Segment Open
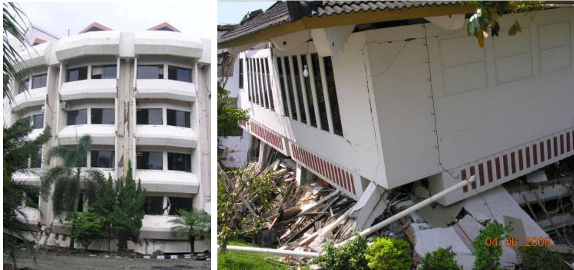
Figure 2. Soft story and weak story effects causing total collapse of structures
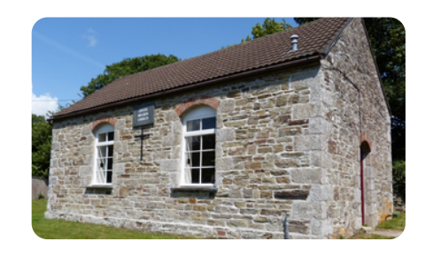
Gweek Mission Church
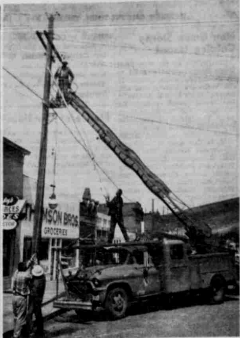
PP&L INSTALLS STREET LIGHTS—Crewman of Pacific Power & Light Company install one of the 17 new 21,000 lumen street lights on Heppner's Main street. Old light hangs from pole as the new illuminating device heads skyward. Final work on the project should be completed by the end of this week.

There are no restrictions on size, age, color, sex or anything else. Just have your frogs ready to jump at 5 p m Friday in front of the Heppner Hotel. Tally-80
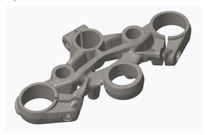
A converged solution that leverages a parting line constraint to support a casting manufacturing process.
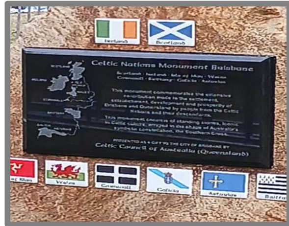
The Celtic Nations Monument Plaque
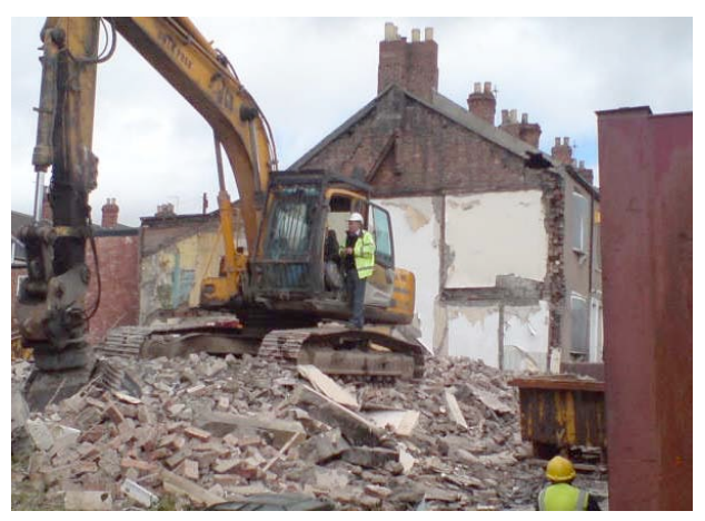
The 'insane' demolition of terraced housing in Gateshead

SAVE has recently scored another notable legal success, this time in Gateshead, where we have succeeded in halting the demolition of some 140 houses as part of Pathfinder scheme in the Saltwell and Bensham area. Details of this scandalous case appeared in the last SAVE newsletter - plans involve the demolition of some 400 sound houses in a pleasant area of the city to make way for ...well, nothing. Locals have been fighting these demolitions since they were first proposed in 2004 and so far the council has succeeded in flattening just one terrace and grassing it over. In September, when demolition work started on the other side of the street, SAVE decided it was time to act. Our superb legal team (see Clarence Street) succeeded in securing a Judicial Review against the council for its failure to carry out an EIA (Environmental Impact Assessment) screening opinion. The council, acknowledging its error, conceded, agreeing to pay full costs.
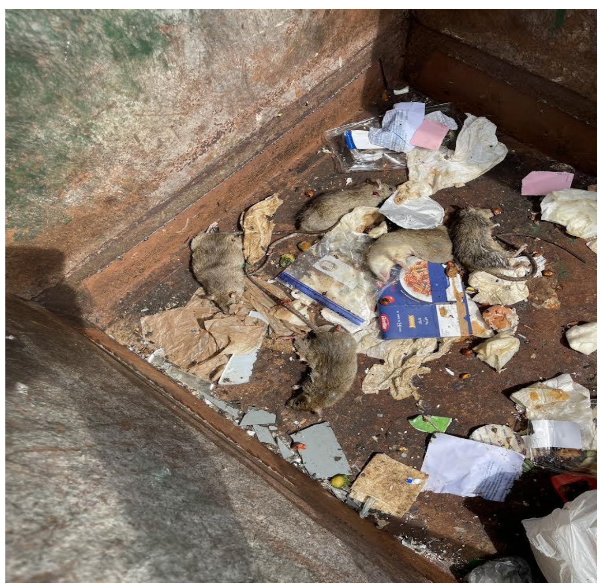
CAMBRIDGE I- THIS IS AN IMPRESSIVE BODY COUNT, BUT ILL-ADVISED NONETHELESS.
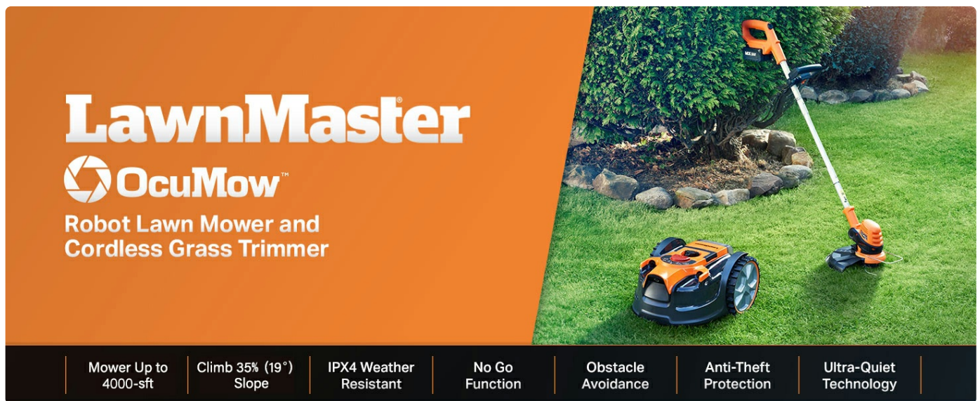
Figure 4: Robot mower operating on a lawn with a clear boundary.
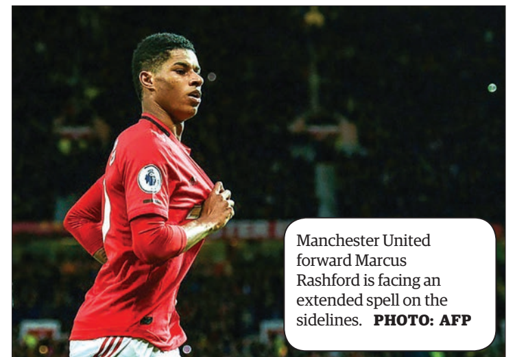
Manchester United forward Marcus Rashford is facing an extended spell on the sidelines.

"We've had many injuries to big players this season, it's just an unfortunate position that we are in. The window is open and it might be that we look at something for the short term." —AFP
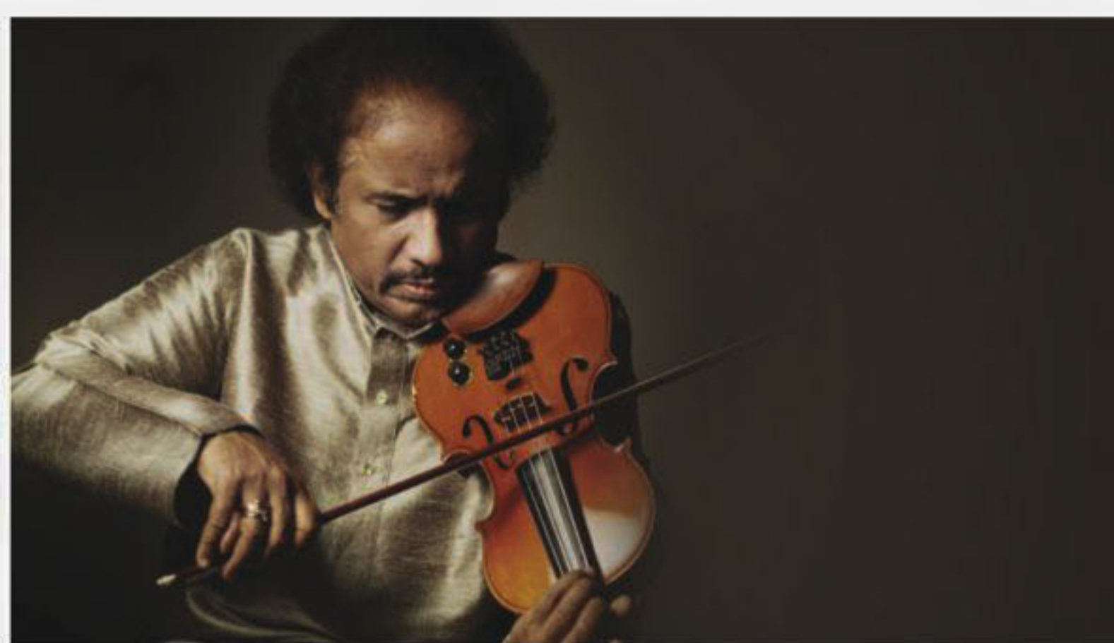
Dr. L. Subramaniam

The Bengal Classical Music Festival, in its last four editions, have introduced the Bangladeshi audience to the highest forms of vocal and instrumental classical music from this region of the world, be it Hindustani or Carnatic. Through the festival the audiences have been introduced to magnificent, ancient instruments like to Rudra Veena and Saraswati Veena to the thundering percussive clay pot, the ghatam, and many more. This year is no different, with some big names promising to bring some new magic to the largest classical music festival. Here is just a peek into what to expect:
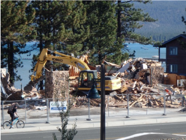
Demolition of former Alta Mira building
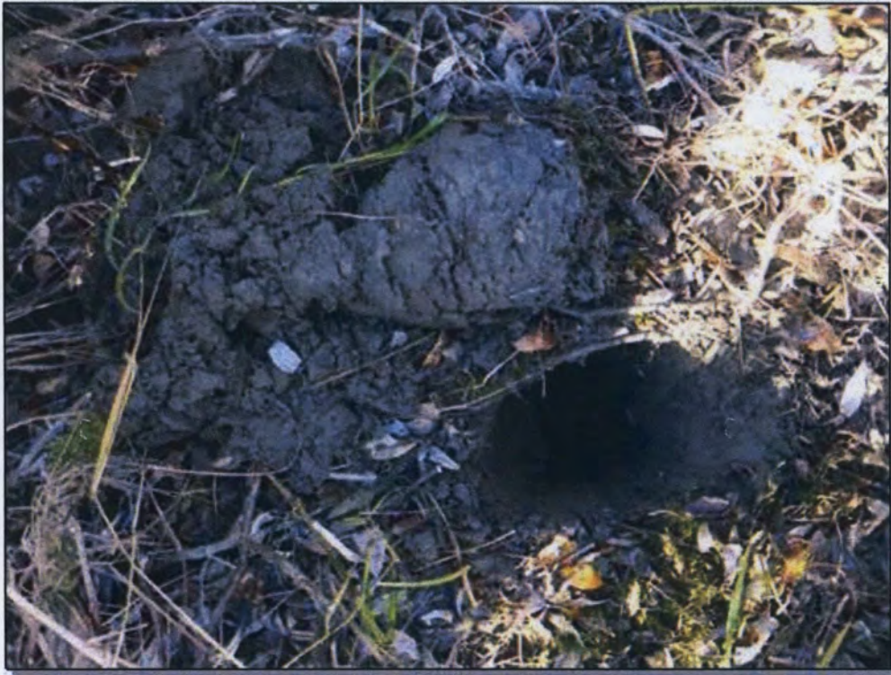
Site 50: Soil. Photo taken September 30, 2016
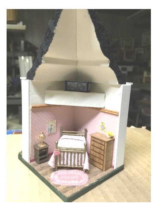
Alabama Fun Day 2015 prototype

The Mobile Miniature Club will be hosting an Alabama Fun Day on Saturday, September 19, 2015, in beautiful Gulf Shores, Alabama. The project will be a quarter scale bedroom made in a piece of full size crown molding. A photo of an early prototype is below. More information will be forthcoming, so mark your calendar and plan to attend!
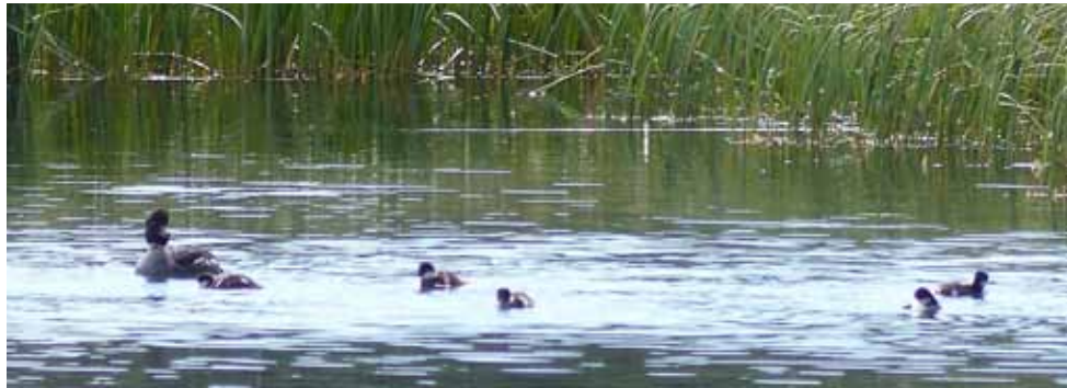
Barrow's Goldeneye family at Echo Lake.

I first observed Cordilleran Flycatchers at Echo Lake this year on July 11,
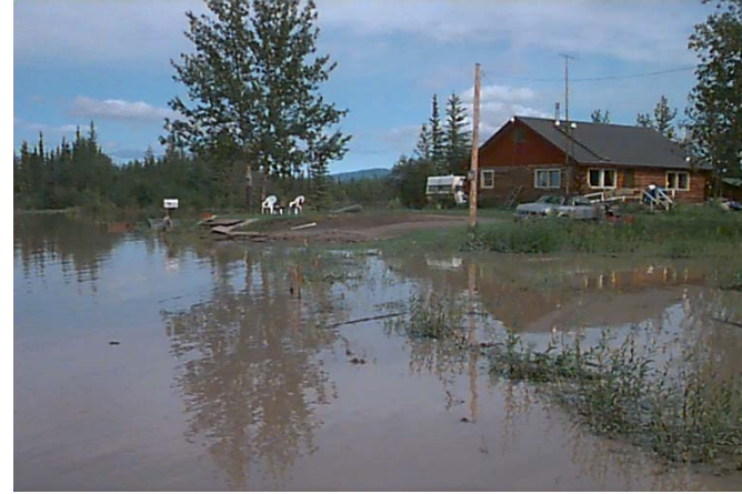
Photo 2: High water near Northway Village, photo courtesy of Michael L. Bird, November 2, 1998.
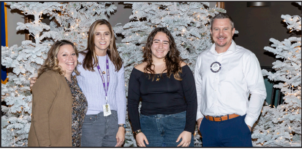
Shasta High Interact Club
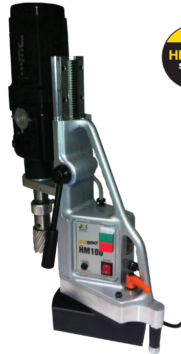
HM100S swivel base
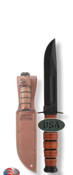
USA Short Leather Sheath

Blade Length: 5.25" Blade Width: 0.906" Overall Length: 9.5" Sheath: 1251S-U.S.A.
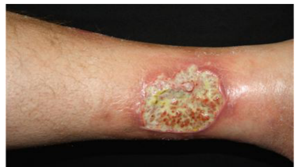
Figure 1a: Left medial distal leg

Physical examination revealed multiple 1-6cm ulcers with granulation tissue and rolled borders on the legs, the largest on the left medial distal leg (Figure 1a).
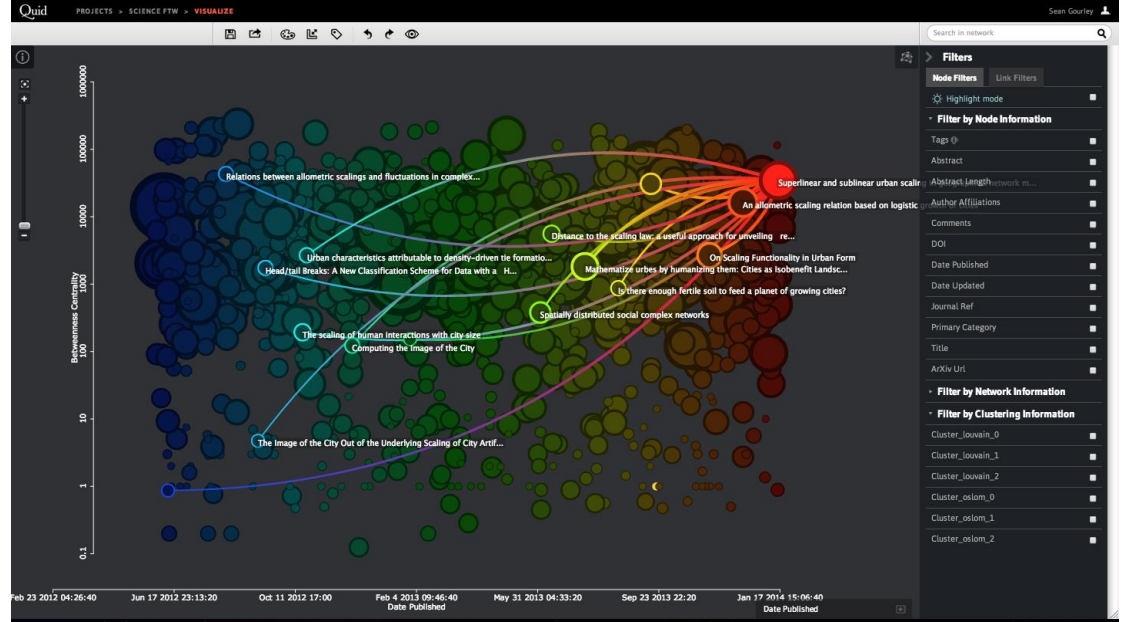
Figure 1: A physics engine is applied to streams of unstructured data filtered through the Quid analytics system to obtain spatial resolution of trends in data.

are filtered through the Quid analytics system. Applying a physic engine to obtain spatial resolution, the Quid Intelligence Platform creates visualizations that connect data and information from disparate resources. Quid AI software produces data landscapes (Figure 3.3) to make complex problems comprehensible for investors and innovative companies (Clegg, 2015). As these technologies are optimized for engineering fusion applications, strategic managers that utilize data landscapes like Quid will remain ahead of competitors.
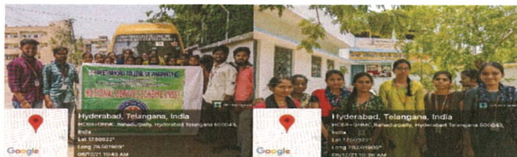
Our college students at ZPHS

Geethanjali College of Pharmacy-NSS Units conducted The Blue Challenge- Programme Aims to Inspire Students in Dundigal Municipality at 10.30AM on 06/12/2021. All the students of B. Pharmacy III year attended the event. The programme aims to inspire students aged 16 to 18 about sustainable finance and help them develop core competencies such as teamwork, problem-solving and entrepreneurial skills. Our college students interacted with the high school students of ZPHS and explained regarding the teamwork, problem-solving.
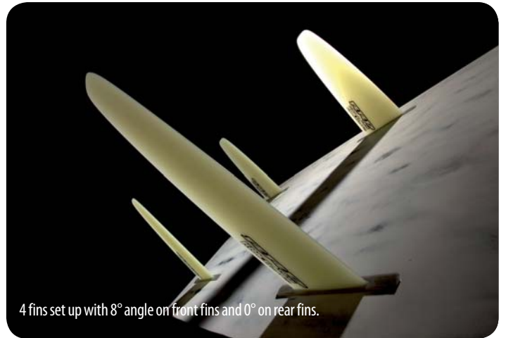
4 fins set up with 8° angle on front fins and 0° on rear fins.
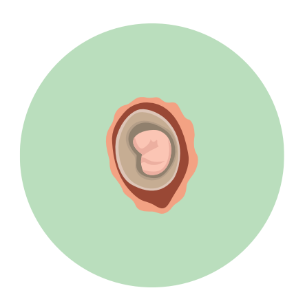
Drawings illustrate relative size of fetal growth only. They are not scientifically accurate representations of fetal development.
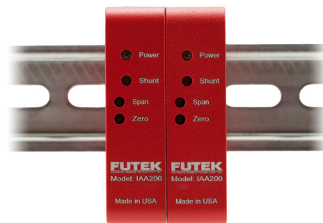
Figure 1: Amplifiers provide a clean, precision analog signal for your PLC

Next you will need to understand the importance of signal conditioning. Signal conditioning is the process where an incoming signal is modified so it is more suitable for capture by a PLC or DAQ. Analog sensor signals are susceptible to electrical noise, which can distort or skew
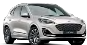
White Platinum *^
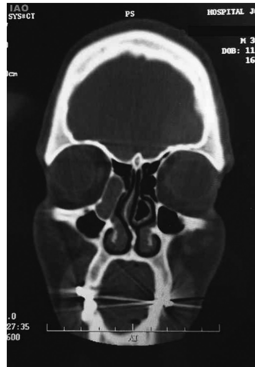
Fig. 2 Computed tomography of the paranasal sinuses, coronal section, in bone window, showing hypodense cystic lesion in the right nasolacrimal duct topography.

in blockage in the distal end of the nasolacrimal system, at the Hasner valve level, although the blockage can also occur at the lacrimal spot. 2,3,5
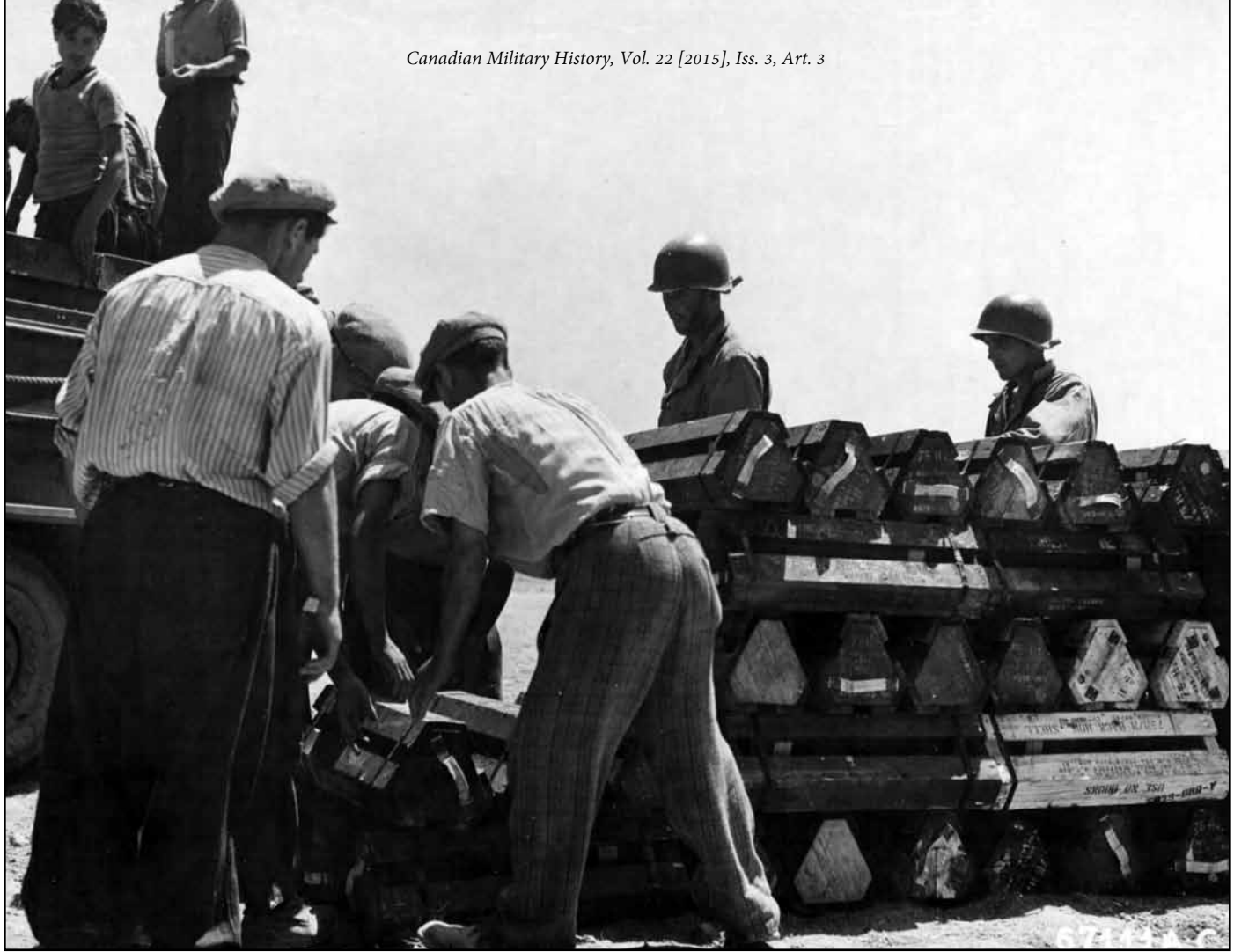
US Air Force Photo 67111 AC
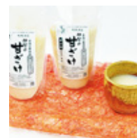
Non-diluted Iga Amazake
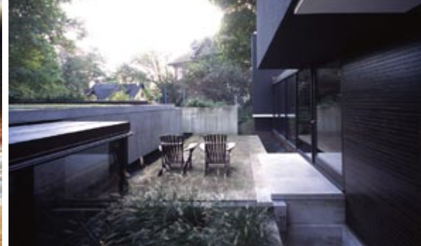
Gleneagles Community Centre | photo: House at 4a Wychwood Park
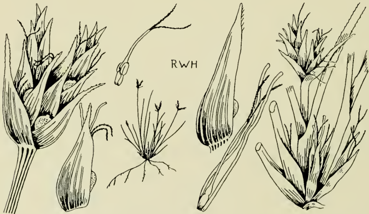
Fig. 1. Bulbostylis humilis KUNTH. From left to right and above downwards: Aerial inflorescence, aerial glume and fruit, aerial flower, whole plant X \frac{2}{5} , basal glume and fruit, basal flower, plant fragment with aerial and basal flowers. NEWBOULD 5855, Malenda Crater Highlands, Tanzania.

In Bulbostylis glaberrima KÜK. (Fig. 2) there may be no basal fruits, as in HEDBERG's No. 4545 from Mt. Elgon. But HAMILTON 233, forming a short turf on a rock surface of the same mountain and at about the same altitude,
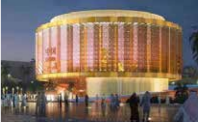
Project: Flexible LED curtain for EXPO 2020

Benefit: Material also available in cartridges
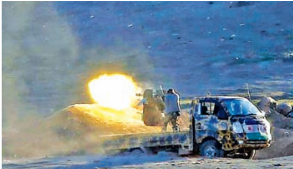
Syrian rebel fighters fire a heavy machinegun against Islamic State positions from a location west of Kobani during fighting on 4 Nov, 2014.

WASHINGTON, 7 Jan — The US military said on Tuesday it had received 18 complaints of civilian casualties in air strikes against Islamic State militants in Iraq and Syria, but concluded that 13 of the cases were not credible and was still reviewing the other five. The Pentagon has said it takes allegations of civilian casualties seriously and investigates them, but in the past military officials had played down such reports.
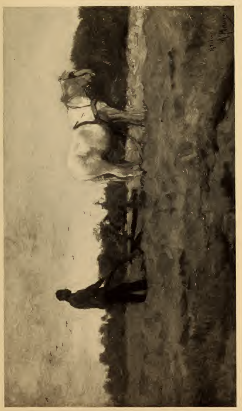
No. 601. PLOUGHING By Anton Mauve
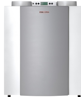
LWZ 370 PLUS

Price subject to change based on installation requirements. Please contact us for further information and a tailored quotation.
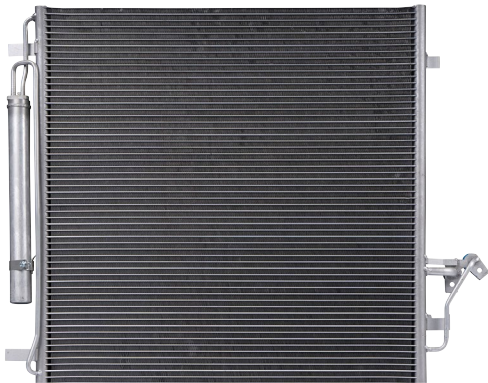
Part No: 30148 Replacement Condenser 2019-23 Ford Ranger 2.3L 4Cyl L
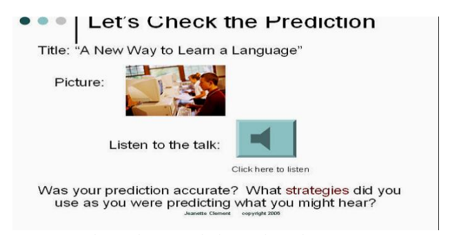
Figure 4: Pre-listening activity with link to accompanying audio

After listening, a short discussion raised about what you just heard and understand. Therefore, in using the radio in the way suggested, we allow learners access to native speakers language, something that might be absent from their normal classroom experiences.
Segment Closed
PROBLEM TO SOLVE
The required answer is an exact copy of the lines from the one containing "Project: Flexible LED curtain for EXPO 2020" through the last line of the material, with the pictures removed.

OUTPUT FOR THIS EXERCISE
Project: Flexible LED curtain for EXPO 2020

Benefit: Material also available in cartridges
Syrian rebel fighters fire a heavy machinegun against Islamic State positions from a location west of Kobani during fighting on 4 Nov, 2014.

WASHINGTON, 7 Jan — The US military said on Tuesday it had received 18 complaints of civilian casualties in air strikes against Islamic State militants in Iraq and Syria, but concluded that 13 of the cases were not credible and was still reviewing the other five. The Pentagon has said it takes allegations of civilian casualties seriously and investigates them, but in the past military officials had played down such reports.
No. 601. PLOUGHING By Anton Mauve
LWZ 370 PLUS

Price subject to change based on installation requirements. Please contact us for further information and a tailored quotation.
Part No: 30148 Replacement Condenser 2019-23 Ford Ranger 2.3L 4Cyl L
Figure 4: Pre-listening activity with link to accompanying audio

After listening, a short discussion raised about what you just heard and understand. Therefore, in using the radio in the way suggested, we allow learners access to native speakers language, something that might be absent from their normal classroom experiences.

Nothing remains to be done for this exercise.